Suppose a \(\mathbb {Z}\)-valued sequence f(n) is both p-shuffled and q-shuffled for two multiplicatively independent integers p and q. What can be said about f(n)? For instance, does f(n) satisfy a linear recurrence?

Another question comes from looking at closure properties. In Section 4.8 we showed that shuffled sequences are closed under ordinary products and under the ⋆  product. We now ask if shuffled sequences are closed under Cauchy products.

Question 4.9.2

Given integer-valued sequences f(n) and g(n) that are k-shuffled, is the Cauchy product of f(n) and g(n) also k-shuffled?

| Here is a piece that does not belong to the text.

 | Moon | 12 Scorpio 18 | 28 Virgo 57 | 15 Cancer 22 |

In Section 4.8 we showed that the set \(\mathcal {S}_k\) of k-shuffled sequences taking values in \(\mathbb {C}\) forms a \(\mathbb {C}\)-algebra under the ⋆  product.

Question 4.9.3

Can one find nice generating sets for the \(\mathbb {C}\)-algebra \((\mathcal {S}_k,+,\star )\)?

Question 4.9.4

Can one extend the notion of shuffled sequences to nonconstant length substitutions ? See, for example, Shallit [542] and Allouche, Scheicher, and Tichy [13].

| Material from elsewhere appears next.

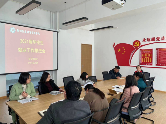 3月22日下午14:00时,会计学院在4号楼116会议室召开2021届毕业生就业工作推进会,出席会议的有会计学院党总支书记张蕾同志、行政秘书兼团委书记陈刚老师、21届就业专员鲁玲玉老师、王岩峰老师以及21届全体毕业班辅导员。会议对上学期2021届的就业工作进行了总结,并对本学期的就业工作进行了全面部署。

Two final questions we pose come from the nim sum and nim product. In Section 4.7 we studied sequences defined using the nim sum and the nim product. In each example, we showed that the power property failed to hold. We did not show, however, that the shuffle property fails to hold.

Question 4.9.5

Let ⊕ and ⊗ denote, respectively, the nim sum and the nim product. Is the sequence {m ⊗ m} a 2-shuffled sequence? If f(n) and g(n) are 2-shuffled sequences, is f(n) ⊕ g(n) also a 2-shuffled sequence?

Question 4.9.6

Does {2ⁿ ⊕ 3ⁿ} satisfy a linear recurrence? We note that this is related to Mahler’s study of Z-numbers [406].

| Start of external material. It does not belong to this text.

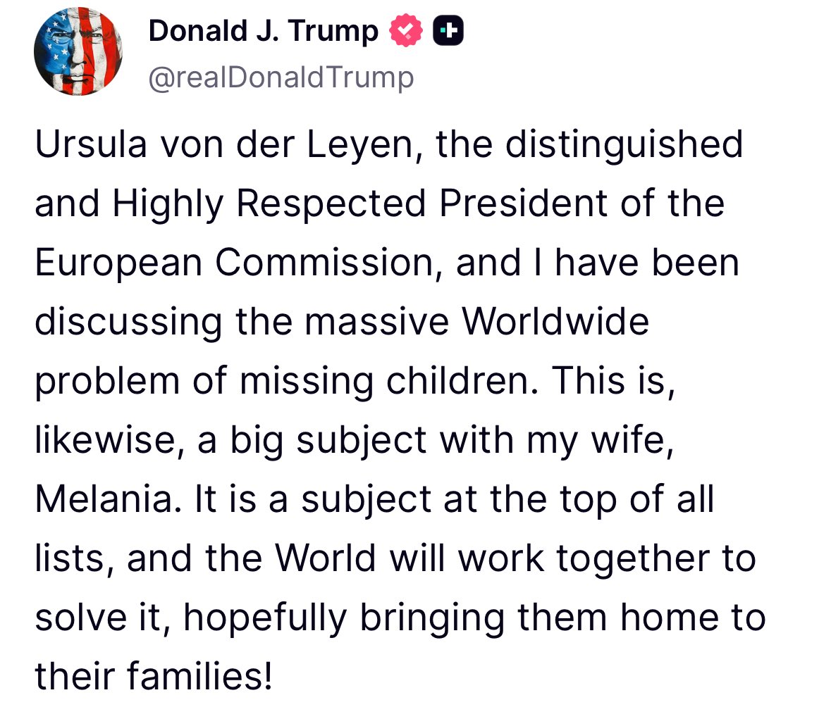 Breaking: Trump and Ursula von der Leyen Address Urgent Missing Children Crisis

We note that throughout we have been looking at sequences taking values in a field or occasionally in an abelian group. In fact, we can work more generally by using a commutative ring C and look at sequences taking values in a C-module. Allouche and Shallit [16] define the more general notion of a (C, k)-regular sequence. We note that since Shirshov’s height theorem is over a more general base ring C, all the results in this paper which relate to k-regular sequences have analogues in this more general context of (C, k)-regular sequences.